Steam Didn't Censor You — The Banks Did
July 20, 2025 (original publication date)
by Linda Cheng

Steam, the world’s largest digital distribution platform for PC games, has quietly removed several adult-oriented titles over the past few months. At first glance, it might look like a content moderation decision. But that’s not what happened. These removals weren’t the result of user complaints or community standards. They were driven by the financial back end — specifically, Visa and Mastercard.
It’s not the first time private financial infrastructure has exerted behind-the-scenes influence over digital platforms. But in this case, the target isn’t illegal content or financial fraud. It’s games with fictional depictions of taboo or sexually explicit scenarios — many of which were clearly marked, age-restricted, and entirely legal in the countries where they were sold. That didn’t matter.
Game developers who received removal notices from Valve (Steam’s parent company) were told their titles violated unspecified “payment processor guidelines.” No clear criteria. No published standards. In follow-up conversations, some developers were told their games couldn't be sold on Steam unless they complied with stricter rules set by the payment providers themselves — rules that went far beyond Steam’s own policies.
And those rules? They're opaque by design. There’s no transparent appeals process. No published framework. Just a vague, shifting understanding that if your game includes certain themes — non-consensual scenarios, incest (even when fictional and clearly disclosed), or anything that might seem too provocative — your payments won’t be processed. And if Steam can’t process payments, Steam can’t host the game. Simple as that.
Developers aren’t being banned outright. They’re being demonetized — and in a commercial ecosystem, that’s a quieter, far more effective form of censorship.
It’s worth noting that Valve didn’t make these decisions out of moral panic. In fact, the company has historically prided itself on a hands-off approach to content, trusting its users to make informed choices and relying on robust tagging, content warnings, and opt-in filters. In 2018, Valve made headlines when it announced it would “allow everything” on Steam so long as it wasn’t illegal or “straight-up trolling.”
But principles don’t hold up well against a financial ultimatum. When your business model relies on card payments — and those card companies threaten to pull out — even the most permissive content policies collapse.
What’s changed isn’t Valve’s attitude toward expression. It’s their leverage. Steam didn’t rewrite its rules. It got financially coerced into outsourcing them to Visa and Mastercard.

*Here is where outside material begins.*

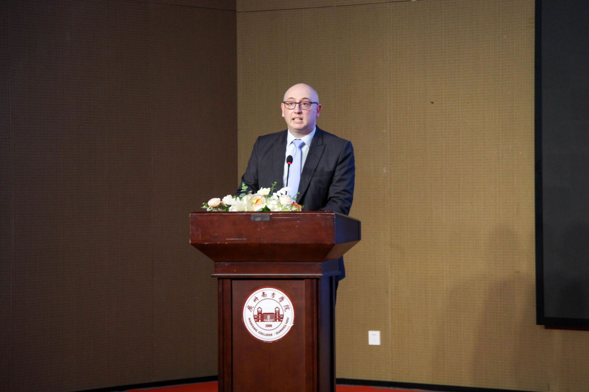 赫尔大学商学院副院长Peter Andrews以三个“C”寄语新生:Curious(好奇)、Courageous(勇敢)、Connected(连接)。他鼓励同学们勇于提问、敢于探索、不断突破自我,并珍惜两校提供的跨文化学习机会,用开放的心态拥抱全球化的未来。

We’ve seen this playbook before. In 2020, Visa and Mastercard cut ties with Pornhub following a New York Times article highlighting deeply serious concerns over abuse and unverified content. The site removed millions of videos and revamped its moderation policies overnight — but the financial damage was done. In 2021, OnlyFans announced a brief ban on explicit content, citing pressure from banks and payment providers. The ban was reversed days later, but the message was clear: the people who control the money control the medium.

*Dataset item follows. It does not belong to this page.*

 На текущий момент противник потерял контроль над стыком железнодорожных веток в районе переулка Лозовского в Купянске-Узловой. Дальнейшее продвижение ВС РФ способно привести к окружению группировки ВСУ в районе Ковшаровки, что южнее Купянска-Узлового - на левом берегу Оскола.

Now, that same financial leverage is being used not just to target real-world exploitation, but to suppress controversial fiction. Stories that explore morally gray areas, power imbalances, or taboo subjects — even within safe, clearly labeled digital spaces — are being shut down. Not by courts. Not by customers. But by two private companies with no public oversight.
The result is a new form of gatekeeping, enforced not by regulators, but by risk managers and legal departments terrified of headlines. There's no due process. No consistency. Just quiet decisions made in boardrooms, affecting creators halfway around the world.
Developers are scrambling. Some have moved to alternative platforms like itch.io. Others are exploring decentralized hosting or cryptocurrency-based payments to avoid the card networks altogether. But none of those options offer the visibility, traffic, or commercial viability of Steam. For many, the choice is stark: self-censor, or lose your livelihood.
This isn’t about morality. It’s about control — financial control that masquerades as corporate responsibility. Visa and Mastercard may not make games, but they’re shaping what games can exist. What stories can be told. What art is allowed to survive.
And like all powerful editors, they never have to explain their redlines.